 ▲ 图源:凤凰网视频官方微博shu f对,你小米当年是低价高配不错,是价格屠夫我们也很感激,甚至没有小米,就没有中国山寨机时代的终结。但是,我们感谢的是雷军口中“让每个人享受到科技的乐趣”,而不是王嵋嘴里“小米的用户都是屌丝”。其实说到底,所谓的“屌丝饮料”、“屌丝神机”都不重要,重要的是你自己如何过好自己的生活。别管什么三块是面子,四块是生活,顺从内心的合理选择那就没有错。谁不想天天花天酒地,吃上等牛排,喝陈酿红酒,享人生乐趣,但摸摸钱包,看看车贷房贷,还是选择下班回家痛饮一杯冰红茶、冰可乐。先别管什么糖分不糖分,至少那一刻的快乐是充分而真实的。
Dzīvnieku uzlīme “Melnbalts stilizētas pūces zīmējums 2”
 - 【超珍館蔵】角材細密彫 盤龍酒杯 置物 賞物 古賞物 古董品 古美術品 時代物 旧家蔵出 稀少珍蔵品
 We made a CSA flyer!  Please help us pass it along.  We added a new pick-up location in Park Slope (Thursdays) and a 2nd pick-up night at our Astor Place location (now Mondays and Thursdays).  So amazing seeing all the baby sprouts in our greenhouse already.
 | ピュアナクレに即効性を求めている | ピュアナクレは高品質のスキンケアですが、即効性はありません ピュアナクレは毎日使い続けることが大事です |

--

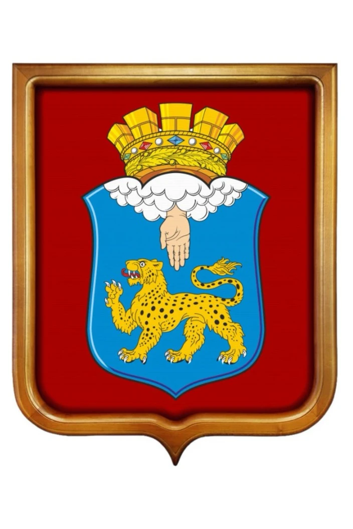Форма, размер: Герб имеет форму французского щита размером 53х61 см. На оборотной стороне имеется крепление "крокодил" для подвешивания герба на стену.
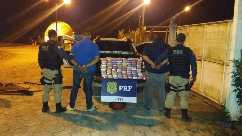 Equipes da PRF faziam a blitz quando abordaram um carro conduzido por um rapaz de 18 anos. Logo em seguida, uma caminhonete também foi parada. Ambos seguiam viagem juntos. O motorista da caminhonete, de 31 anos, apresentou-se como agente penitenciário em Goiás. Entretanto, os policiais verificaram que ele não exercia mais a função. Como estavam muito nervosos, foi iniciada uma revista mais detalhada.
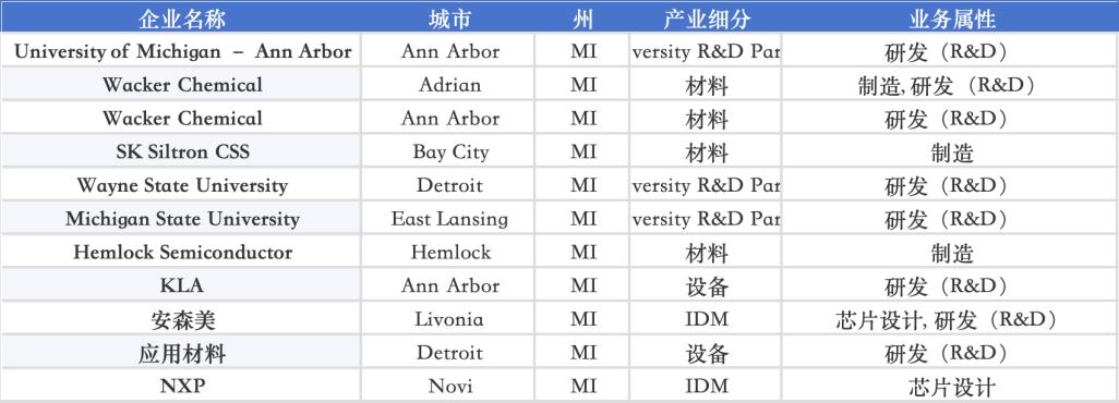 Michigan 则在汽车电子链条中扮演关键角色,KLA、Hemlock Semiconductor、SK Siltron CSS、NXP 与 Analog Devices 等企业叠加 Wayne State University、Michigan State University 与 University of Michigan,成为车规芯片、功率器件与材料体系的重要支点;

» YOUR ASSIGNMENT
Look above and copy only the lines from the one holding "Equipes da PRF" to the one holding "Michigan 则在汽车电子链条中扮演关键角色,KLA、Hemlock Semiconductor、SK", both included, exactly, minus the pictures.

» ANSWER BOX
 Equipes da PRF faziam a blitz quando abordaram um carro conduzido por um rapaz de 18 anos. Logo em seguida, uma caminhonete também foi parada. Ambos seguiam viagem juntos. O motorista da caminhonete, de 31 anos, apresentou-se como agente penitenciário em Goiás. Entretanto, os policiais verificaram que ele não exercia mais a função. Como estavam muito nervosos, foi iniciada uma revista mais detalhada.
 Michigan 则在汽车电子链条中扮演关键角色,KLA、Hemlock Semiconductor、SK Siltron CSS、NXP 与 Analog Devices 等企业叠加 Wayne State University、Michigan State University 与 University of Michigan,成为车规芯片、功率器件与材料体系的重要支点;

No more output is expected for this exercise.